"Bir kitap okudum, hayatım değişti" cümlesi, oldum olası beni güldüren bir beyanattır. İnsanların hayatlarının nasıl kitaplara bağlı olduğunu, bir kitabın, bir insanın düşünce yapısını nasıl etkileyebileceğine inanmazdım oysaki.
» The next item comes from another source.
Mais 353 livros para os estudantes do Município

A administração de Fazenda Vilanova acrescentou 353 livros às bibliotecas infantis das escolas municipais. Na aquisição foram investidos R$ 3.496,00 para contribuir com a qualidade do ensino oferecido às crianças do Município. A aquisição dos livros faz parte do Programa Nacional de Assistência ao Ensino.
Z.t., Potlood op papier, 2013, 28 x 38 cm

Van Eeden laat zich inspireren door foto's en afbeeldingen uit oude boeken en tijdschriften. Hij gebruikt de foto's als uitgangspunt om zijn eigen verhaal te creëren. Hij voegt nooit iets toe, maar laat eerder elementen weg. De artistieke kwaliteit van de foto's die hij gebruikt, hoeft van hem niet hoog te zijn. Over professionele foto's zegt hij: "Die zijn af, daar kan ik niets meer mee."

Ama... Bir kitap okudum, hayatım değişti. Ayn Rand'ın "Atlas Vazgeçti" isimli kitabından bahsediyorum. Eylül ayının başlarıydı, yazlıkta can sıkıntısından patlarken, tesadüfen bir arkadaşıma ne okuduğunu sordum, konusunu bilmesem de öncelikle ilk cildini alıp okumaya karar verdim. Kitap dediysem, öyle bir oturuşta okunup, hazmedilen bir kitap değildi. Öncelikle 3 cilde yayılmış, 1.800 sayfadan bahsediyorum, hemen belirteyim. Çok zor okudum, okurken kendimle çatıştım, onlarca kez "hadi canım" diyerek elimden fırlattım. Araya zaman koydum, araya başka kitaplar aldım onları okudum. Ama, kitabı bitirdiğim 2 gün öncesine kadar aklımın bir köşesi, çalışırken, eğlenirken, yatağa yattığım zaman uyumadan önceki zamanlarda, banyo yaparken suyun altında, kitapla meşguldü.
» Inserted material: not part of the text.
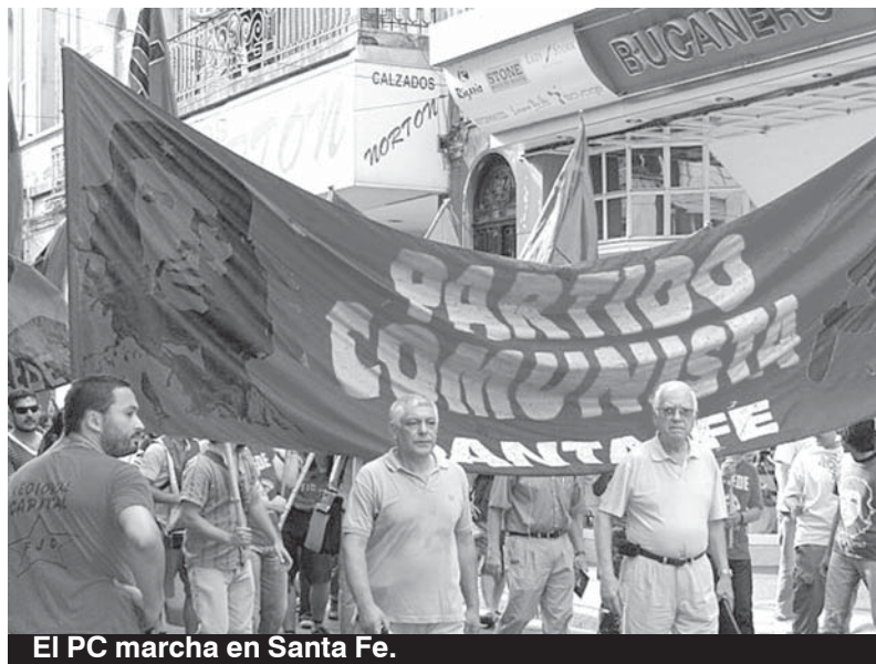
El PC marcha en Santa Fe.

Ha sido una victoria dura, peleada, pero victoria al fin y eso se pudo palpar en los miles de rostros y ojos de los militantes que se abrazaban y unificaban la consigna, "cárcel, co-

Ne anlatıyor bu kitap? Neden bu kadar rencide etti seni? Bu soruları 2 gündür kendime devamlı soruyorum. Ben sol görüşlü bir aileden gelen, yetişme tarzı olarak sol görüşü benimsemiş, oylarını bu yaşa kadar, tatlı su solundan, komünist partiye kadar kullanmış olan biriyim. Ekonomide, rekabetin yavaşlatılmasını, devlet eliyle konmuş kuralların gerekliliğini, insanların zor dönemlerinde sığınmaları gereken sosyal güvenlik kurumlarını ve hatta sosyal güvenlik yasalarını ve işçinin yanında olan bütün yasaları da altına imzamı atabilecek kadar savunmuş, üstelik bu yasaları kendime yakın gördüğüm partiler dışındakiler çıkardığında da takdir etmiş bir insanım. Bu kitap, benim işte bütün bu düşüncelerimi, kafamda var olan "insan temiz bir varlıktır" imgesini, sendika mevhumunu, sosyal güvenlik kavramını, ekonomiye devlet müdahalesi gerçeğini teker teker gözden geçirmeme yol açtı.
Kitabı okurken, gerçek hayata ilişkin çok şey düşündüm. Ama kafamda en çok çınlayanı, kendimi en çok sorgulatanı bu cümle oldu. "Çalışmayan her insan toplumun asalağıdır." Bu cümle kitapta yok, tamamen kendi düşüncelerim ve kendi kelimelerimle kurulmuş bir cümle. Tek cümleyle kitabı özetlememi isteyenlere, benim okuduğun, hazmettiğim, özümsediğim ve kurduğum bir cümle.
Kitapta bahsedilen onlarca konudan, en önemlisi bu zaten. İnsan denilen varlık, işinden kaytarmaya, gerekli gereksiz hasta numarası yapmaya, üretiminden çok üretmemeye meğilli olduğu sürece, işvereni sömürecektir. İşçilerin çalışma koşullarının düzenlenmesi konusunda sendikaların varlığının haklı bir gerekçe olduğuna hala şiddetle inansam da, sendikaların, işçiler ne kadar az çalışırlarsa, o kadar iyi mantığından da kurtulması gerektiğini düşünüyorum artık.
Kendini geliştirmek isteyen, içindeki hırsı öne çıkarmak isteyen herkesin okuması gereken bir kitap bu. Ama öncelikle, insana kendini sorgulatan bir kitap. Ben mesela, işe geç gittiğim ya da canım evden çıkmak istemiyor bahanesiyle gitmediğim her dakikanın hesabını sordum kendime, anneme de okuttum kitabı bir yandan, o da bugünlerde, çalıştığı süre kadardır emekli maaşı aldığını düşünüp kendini suçlu hissediyor mesela.
Kısacası, birşeyler aldığımız ekonomiye, birşeyleri geri vermemiz gerekiyor sanırım.